Personal information
- Born: May 27, 1933 Athens, Alabama, U.S.
- Died: September 12, 2025 (aged 92)
- Listed height: 6 ft 1 in (1.85 m)
- Listed weight: 180 lb (82 kg)

Career information
- High school: Athens
- College: Memphis
- NFL draft: 1957 (11th round, 126th overall pick)

Career history

Playing
- Baltimore Colts (1957–1963); New York Giants (1964); Atlanta Falcons (1966)*; Harrisburg Capitols (1967-1968);
- * Offseason or practice squad member only

Coaching
- Harrisburg Capitols (1967-1968) Assistant; Harrisburg Capitols (1969) Head coach; Pottstown Firebirds (1970) Defensive; Norfolk Neptunes (1971) Assistant; Philadelphia Bell (1974) Defensive backs;

Awards and highlights
- 2× NFL champion (1958, 1959); First-team All-Pro (1959); Second-team All-Pro (1958); Pro Bowl (1960);

Career NFL statistics
- Interceptions: 33
- Fumble recoveries: 3
- Total touchdowns: 3
- Stats at Pro Football Reference

= Andy Nelson (American football) =

American football player and coach (1933–2025)

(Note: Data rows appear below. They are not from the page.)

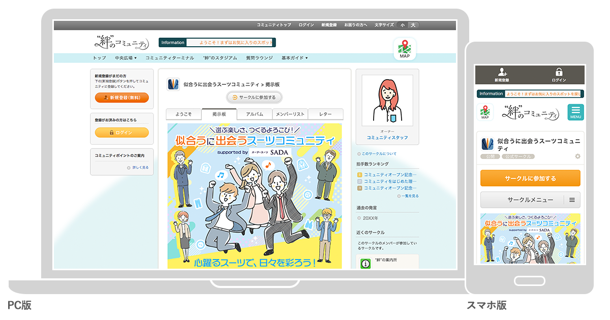 「似合うに出会うスーツコミュニティ」は「“絆”のコミュニティ」上に開設されました。「“絆”のコミュニティ」とは2020年1月に開設した、クオンが運営するオンライン上のファンコミュニティプラットフォーム。50以上の企業・自治体と200万人を超える生活者が集い、“絆”をテーマにした交流や、参画企業・団体のコラボレーション企画、双方向コミュニケーションから生まれる生活者の声をもとにした価値共創のイベントなどを実施しています。https://www.beach.jp/community/KIZUNA/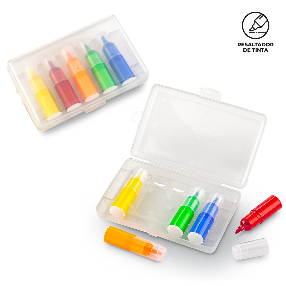 Estuche plástico con 5 resaltadores de tinta. (Colores surtidos).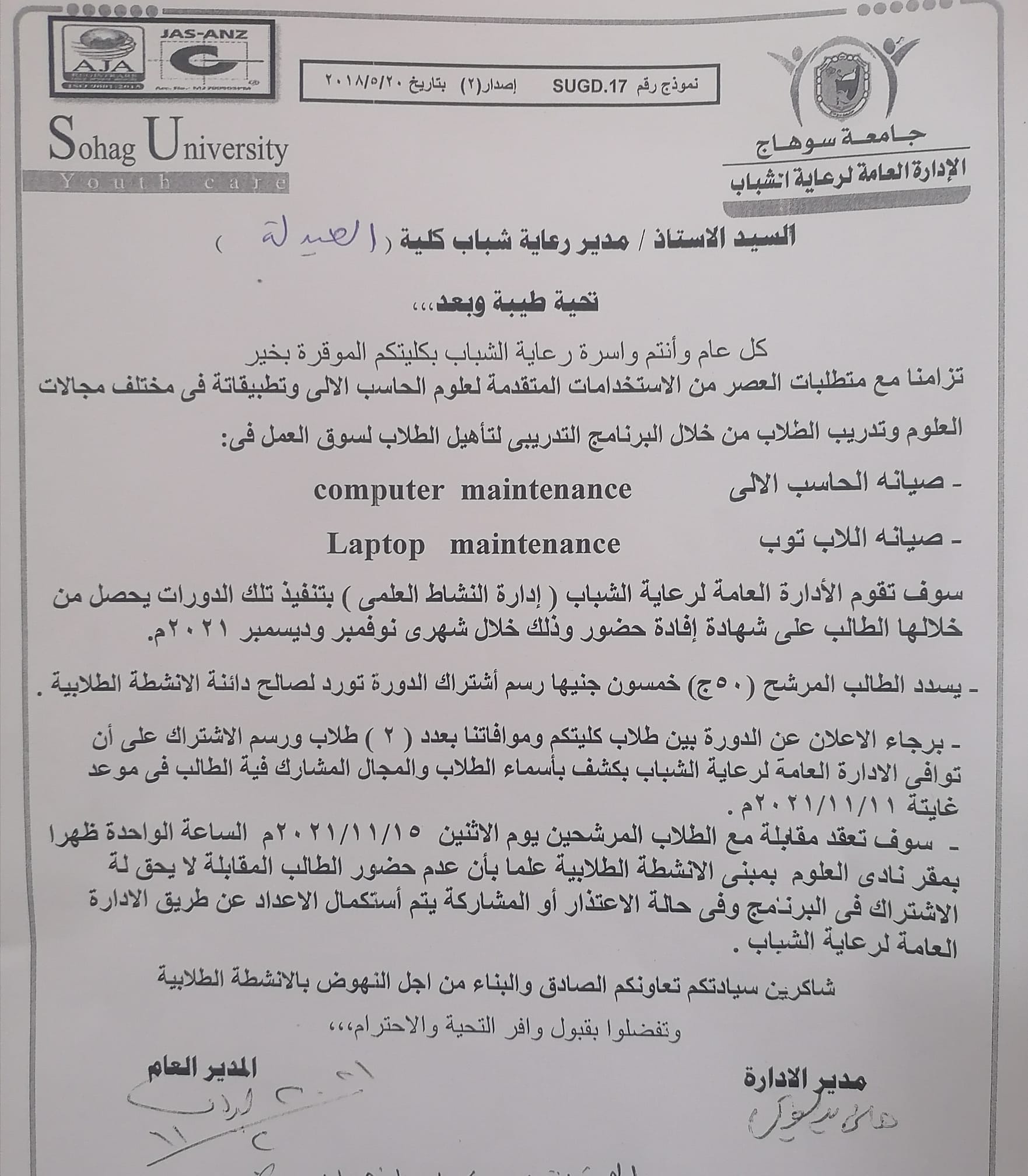 إعلان هام لطلاب الكلية إعلان هام لطلاب الكلية تصفّح المقالات إعلان هام للطلاب المقبولين بنظام الدمج وذوى الإحتياجات الخاصةرئيس جامعة سوهاج يستقبل أعضاء الإتحاد المصرى لطلاب الصيدلة لمناقشة خطة العمل المستقبلية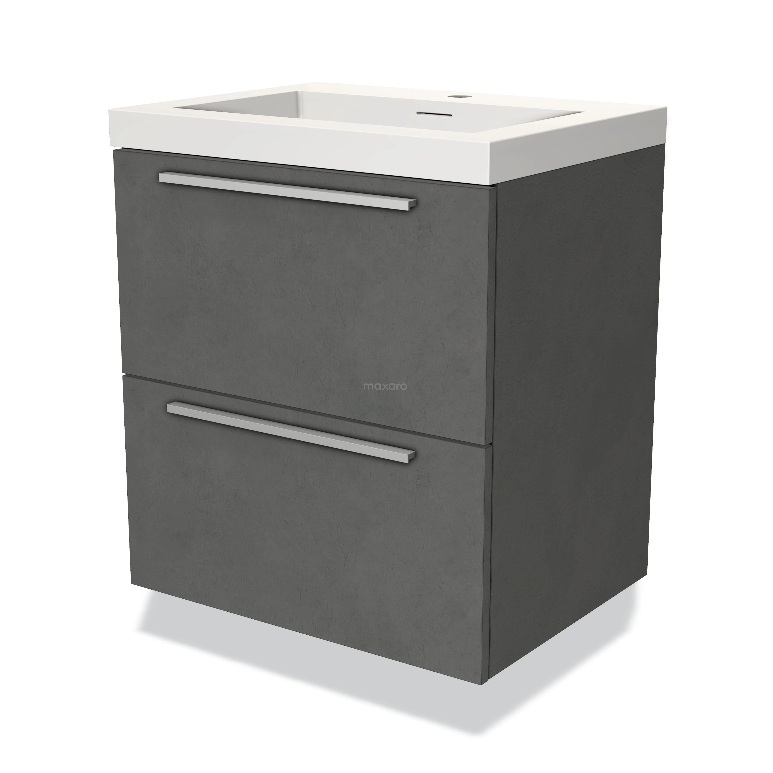 Modulo Waschtische | 60 cm Dunkelgrauer Beton Flach front Solid Surface 2 übereinanderliegende Schubladen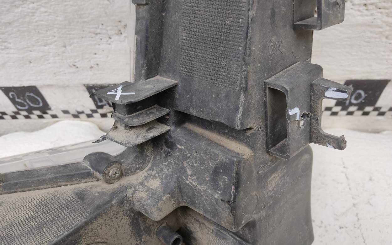 Состояние детали хорошее. Следы эксплуатации. Деформирован кронштейн. Замятие сот.. Деформированный верхний правый кронштейн. Незначительные замятия сот.. Потребуется ремонт
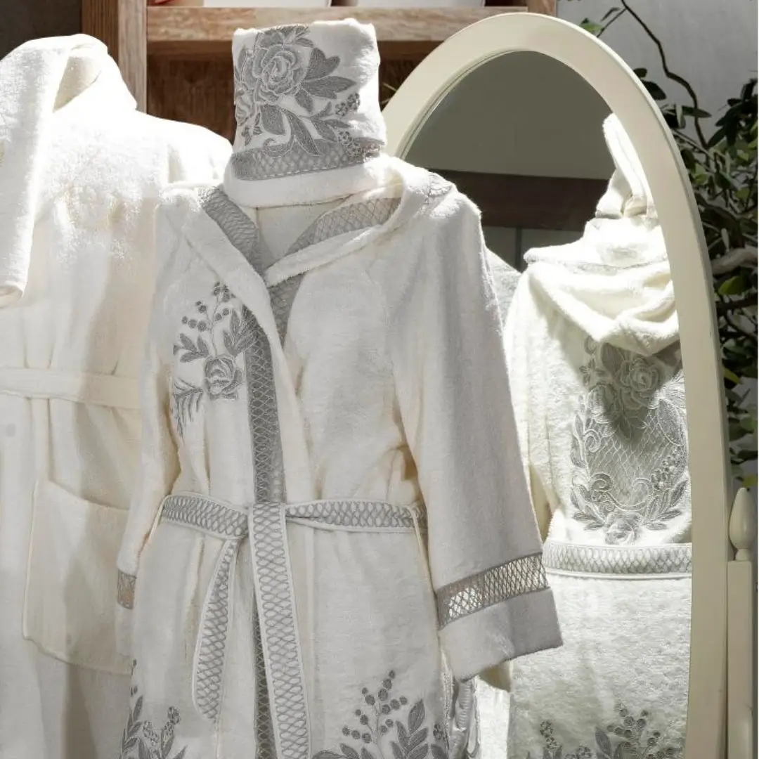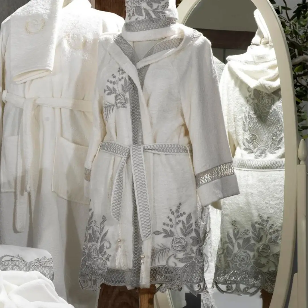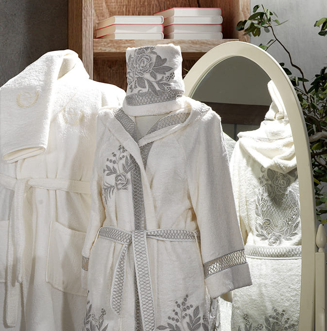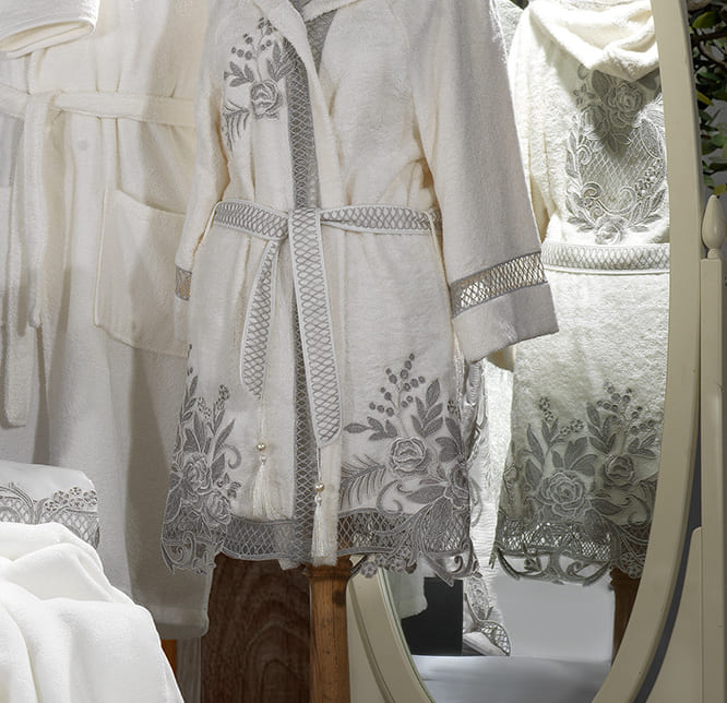 Tasarım: Gri tonlarında tasarlanan bornozun yaka kısmı ve göğüs bölgesinde işlenmiş büyük çiçek dantelleri bulunmaktadır.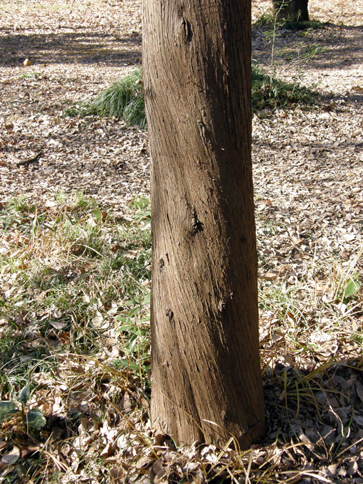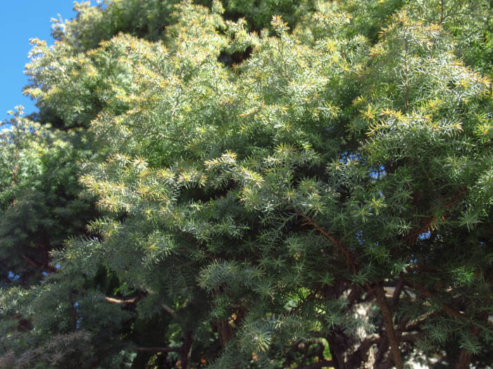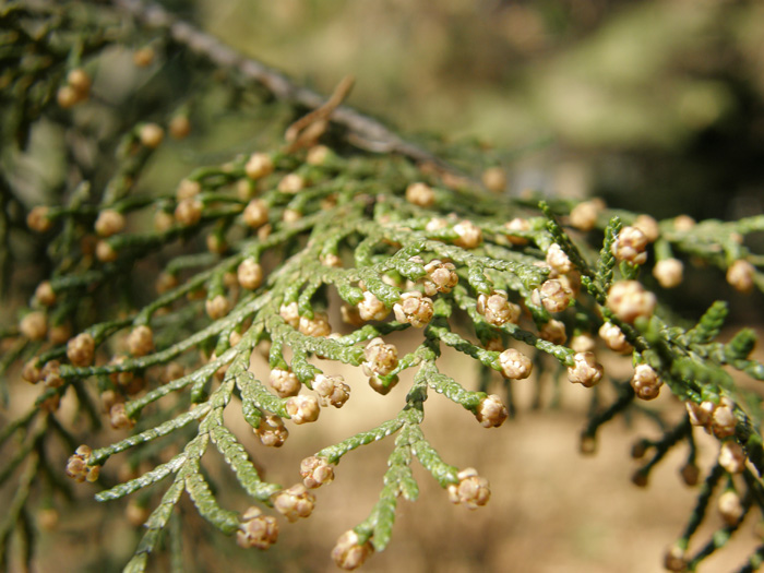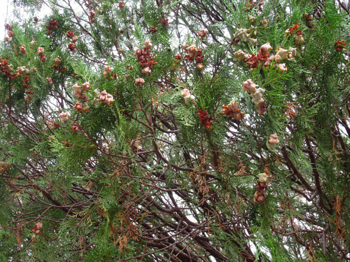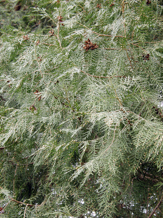 | 形態 | 幹は直立し、樹形は円錐形になる。樹皮は赤褐色で縦に長く裂ける。葉のついた枝は平面的。葉はくすんだ緑色で、鱗片状で先端がやや尖り、表裏の区別は無い。雌雄異花で、2~3月頃、枝先に雌花と雄花をそれぞれ単生する。雄花はほぼ球形で薄黄褐色、雌花は鱗片状で淡紫を帯びた薄茶色の葉の塊のよう。果実は4本の角が出た球形~長球形の球果で、若いうちは灰緑色で、10~11月頃に熟すと割れて褐色の内側が露出し、4個の種子が出る。 |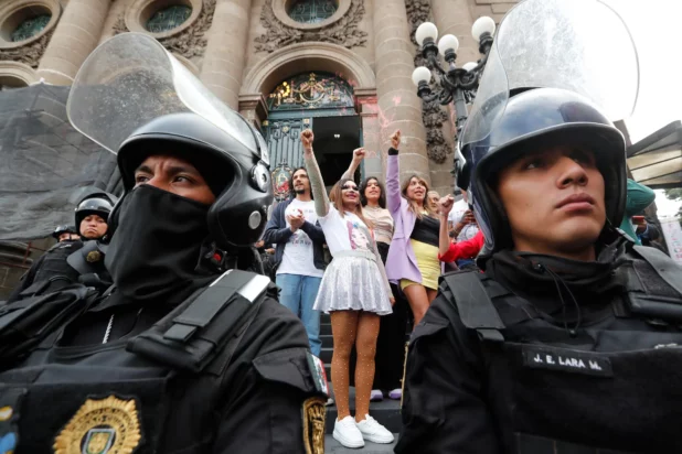 Trans activists celebrate in front of the Congress of Mexico in Mexico City, 18 July 2024.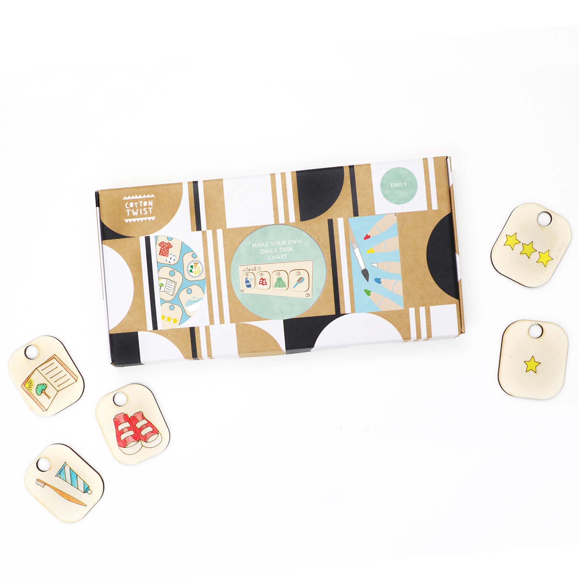 Children can colour in their task tokens using the watercolour pencils supplied in our daily chore chart for kids to create colourful images. Place the tokens on the stand to reflect the tasks your child needs to complete and reward them with the star tokens once the tasks are completed.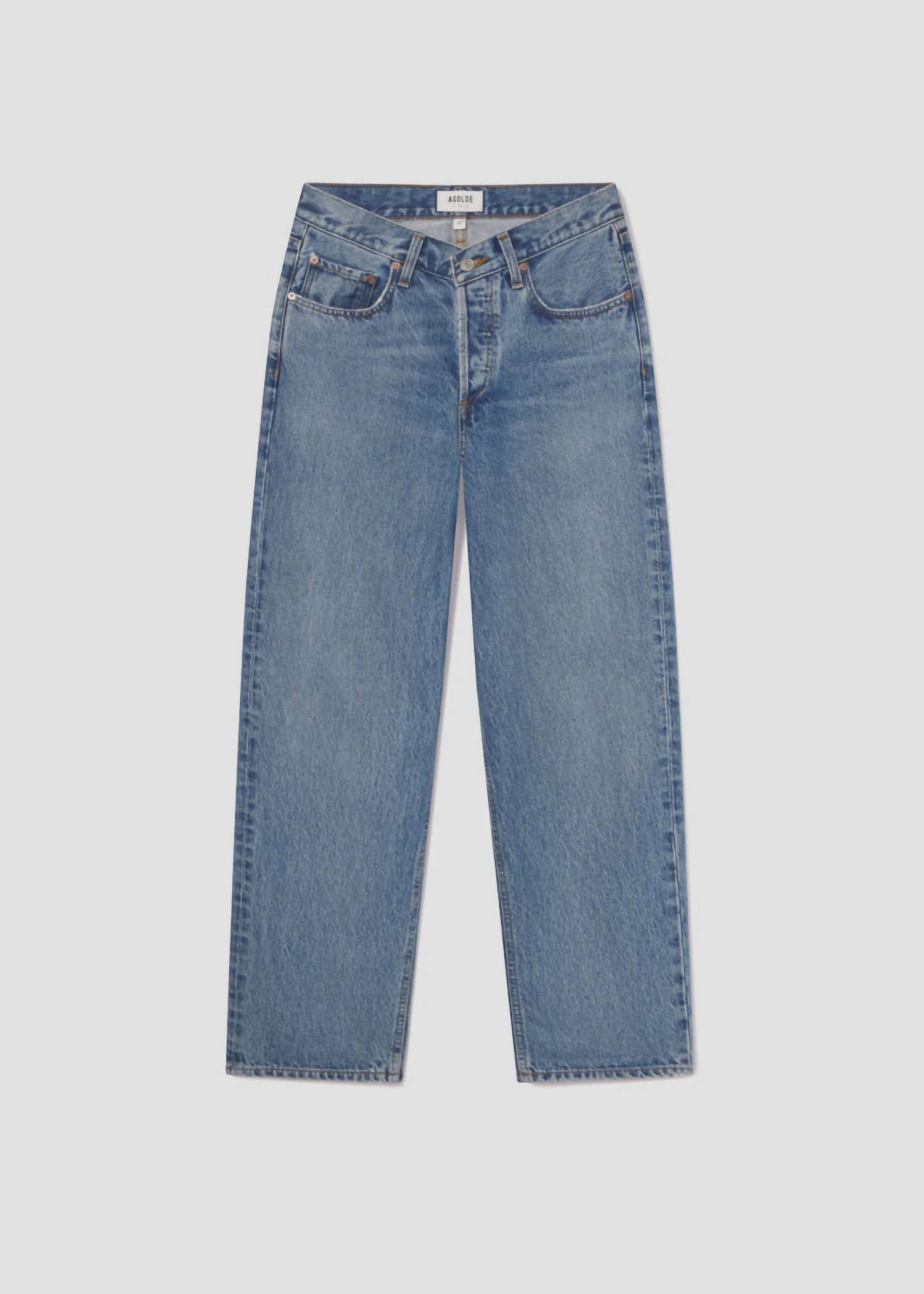 Pair these straight leg jeans with flats, sandals or even heels! You can't go wrong. Introducing the Women's V-Waist Baggy Jean by AGOLDE in Fairway, a chic addition to your denim collection. Crafted from a cotton blend composed of 67% regenerative cotton, 22% lyocell, and 11% post-consumer recycled cotton, this pair offers comfort with subtle stretch. Designed with a mid-rise waist, button fly closure, and a relaxed fit, these jeans feature a 30" inseam and a 17" leg opening. Made in Turkey, care for this timeless piece by machine washing cold inside out with like colors and tumble drying low. Model is 5'10" and wears a size 27.

Andrew Vaughan Nelson (May 27, 1933 – September 12, 2025) was an American professional football player who was a safety in the National Football League (NFL) for the Baltimore Colts and New York Giants. He played college football for the Memphis Tigers and was selected by the Colts in the 11th round of the 1957 NFL draft. Nelson owned and ran a small BBQ establishment, Andy Nelson's Barbecue.

==Early life==
Andy was born on May 27, 1933, in Athens, Alabama, where his father Guy was chief pitmaster for Limestone County. He was a four-sport athlete at Athens High School playing football, basketball, track and baseball, serving as co-captain of the 1951 team and winning letters for each of his four years he completed. Nelson played quarterback and defensive back for then-Memphis State College. A four-year letterman (1952–1956), he gained All-American recognition in his senior season. In 1956, he led the Tigers to their first-ever bowl game, the Burley Bowl in Johnson City, Tennessee, where they were victorious over East Tennessee State.

==Professional career==
Nelson was drafted by the Baltimore Colts in the eleventh round of the 1957 NFL draft. Having played both quarterback and defensive back in college, the Colts made him a defensive player. Nelson started 12 games his rookie season, with five interceptions for 29 yards. The following season, Nelson recorded eight interceptions for 199 yards and one touchdown. The Colts went on to win the NFL Championship in what was the NFL's first sudden-death overtime game and has since become widely known as "The Greatest Game Ever Played". The Colts repeated in 1959 and over his seven-year career with the Colts, Nelson racked up 33 total interceptions for 378 yards and 3 touchdowns. The Colts traded Nelson to the New York Giants for the 1964 season, his last in the NFL.

==Coaching career==
Nelson spent two years as a player and defensive coach with the Harrisburg Capitols of the Atlantic Coast Football League, the Colts' farm team, where he led the league in pass defense before going on to be named the head football coach. Nelson went on to become Defensive Coordinator for the Norfolk Neptunes, winning a league championship in 1971, and then the Chambersburg Cardinals of the Seaboard Football League, winning another championship in 1973. Nelson was also defensive coordinator for Philadelphia Bell in the World Football League from 1974–75.

==Restaurant==
Andy Nelson's Barbecue is a BBQ restaurant in Cockeysville, Maryland. It is known for its hickory smoked BBQ. The restaurant regularly wins "Baltimore's Best BBQ" by Baltimore Magazine and the City Paper.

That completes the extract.